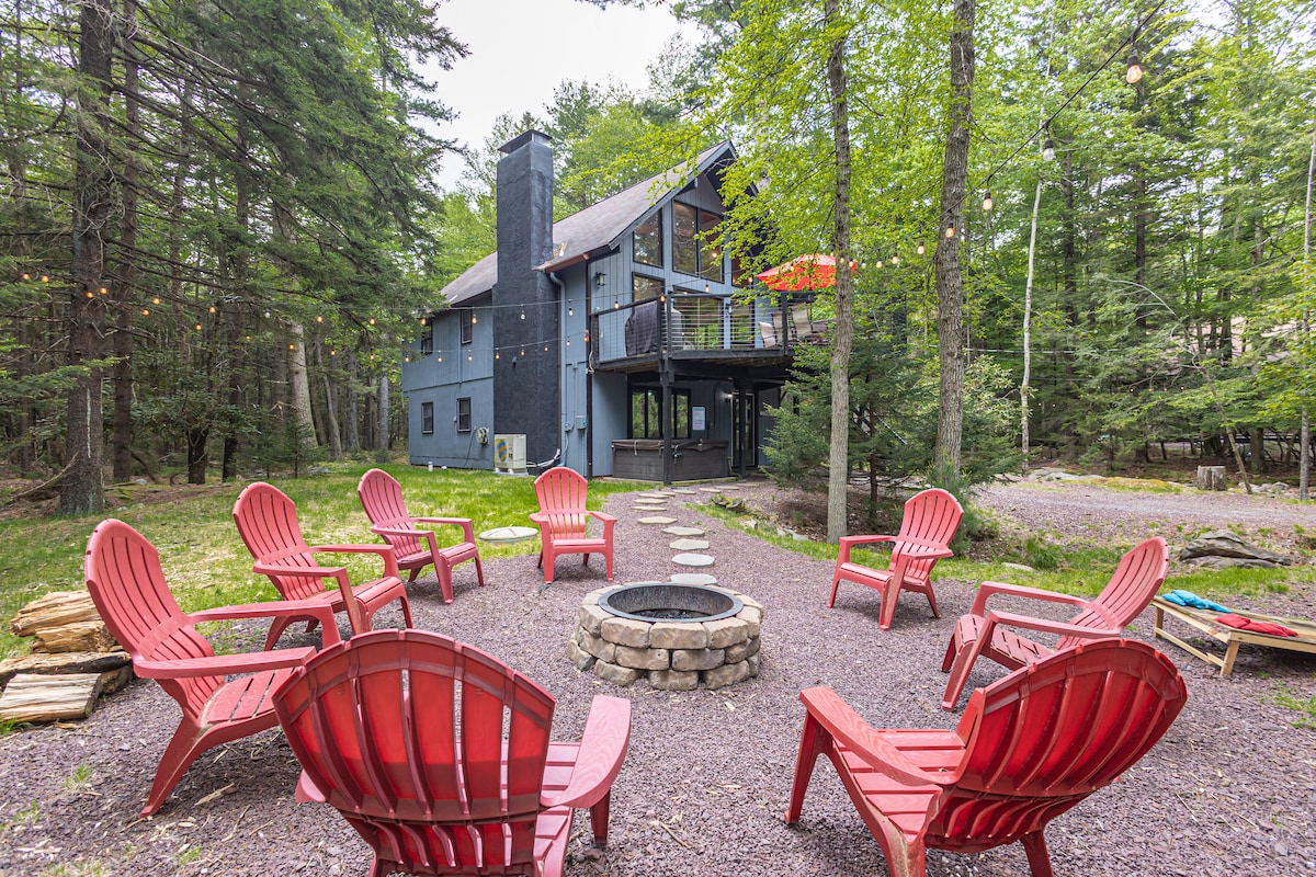 Surround yourself with tree house views in a modern chalet *Sleeps 12 | Max 8 Adults per booking *Children under 2 must be included in guest total *Bathroom for each bedroom *Ideal for multi-generations and groups *EV charger, fire pit, hot tub & game room *Remote workers and corporate bookings welcome *Dedicated workspace with deck, printer & WiFi *Minutes from historic downtown Jim Thorpe *Seasonal access to the community pool, 160-acre lake, and pickleball
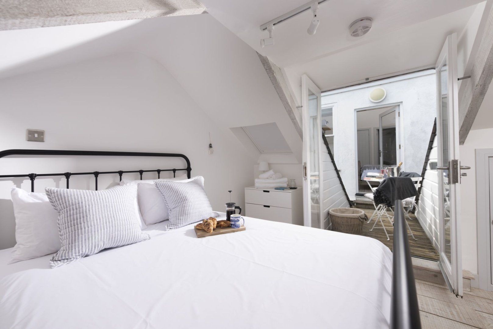 Discover the quaint fishing village of Mousehole with a stay at this traditional Cornish home. Though it's been updated with contemporary furnishings and amenities, you can easily discern the home's history with its old stone walls, wood-burning stove, and the exposed wooden trusses that adorn the bedroom's ceilings. An outdoor balcony on the roof connects to two of the bedrooms, making it the perfect spot for a morning breakfast or cup of tea. We love the living area’s enormous bay window that looks onto the sea – a view that goes hand in hand with a bottle of wine in front of the fire or a good book. Mousehole offers plenty of options for eateries, including traditional pubs and tearooms, but on nights when you just fancy a home-cooked meal, the kitchen is fully equipped. Dine at the rustic wooden table, then head out for an evening walk along the harbour wall and watch the waves crash. Tomorrow you can walk the Coastal Path to the Tater Du Lighthouse, or take a scenic drive to the nearby towns of Newlyn, St Michael's Mount or charming St Ives. If you prefer to stay in Mousehole, wander the shops and enchanting streets of this quiet seaside town before returning it's time to hit the beach again.
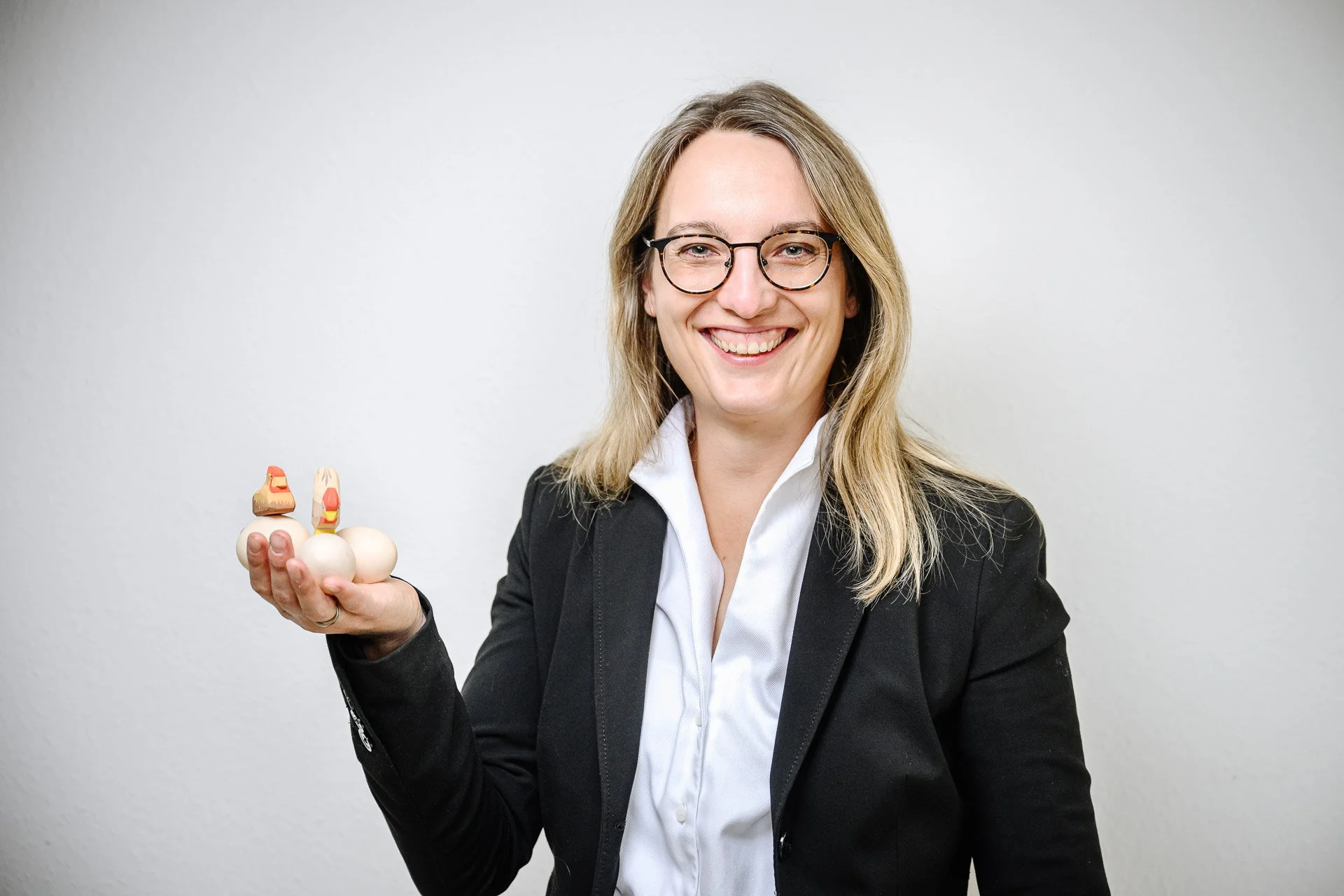 Eier! Wir brauchen Eier! Damit diese bei uns garantiert nie ausgehen, kümmert sich Vera Hofmann liebevoll um ihre heimischen Hühner, deren Wohlergehen sie sich zum Hobby gemacht hat. Mit ebenso liebevoller Zuwendung sorgt sie als Administratorin in der Kanzlei dafür, dass IT, Soft- und Hardware ständig einsatzbereit sind. Und sie ist sowieso immer da und packt mit an, wenn Not an Mann respektive Frau ist. Oder eben an Eiern.

Activity = Print the material above word for word, first line through the line with "Discover the quaint", and leave every picture out.

Solution to the problem =
 Surround yourself with tree house views in a modern chalet *Sleeps 12 | Max 8 Adults per booking *Children under 2 must be included in guest total *Bathroom for each bedroom *Ideal for multi-generations and groups *EV charger, fire pit, hot tub & game room *Remote workers and corporate bookings welcome *Dedicated workspace with deck, printer & WiFi *Minutes from historic downtown Jim Thorpe *Seasonal access to the community pool, 160-acre lake, and pickleball
 Discover the quaint fishing village of Mousehole with a stay at this traditional Cornish home. Though it's been updated with contemporary furnishings and amenities, you can easily discern the home's history with its old stone walls, wood-burning stove, and the exposed wooden trusses that adorn the bedroom's ceilings. An outdoor balcony on the roof connects to two of the bedrooms, making it the perfect spot for a morning breakfast or cup of tea. We love the living area’s enormous bay window that looks onto the sea – a view that goes hand in hand with a bottle of wine in front of the fire or a good book. Mousehole offers plenty of options for eateries, including traditional pubs and tearooms, but on nights when you just fancy a home-cooked meal, the kitchen is fully equipped. Dine at the rustic wooden table, then head out for an evening walk along the harbour wall and watch the waves crash. Tomorrow you can walk the Coastal Path to the Tater Du Lighthouse, or take a scenic drive to the nearby towns of Newlyn, St Michael's Mount or charming St Ives. If you prefer to stay in Mousehole, wander the shops and enchanting streets of this quiet seaside town before returning it's time to hit the beach again.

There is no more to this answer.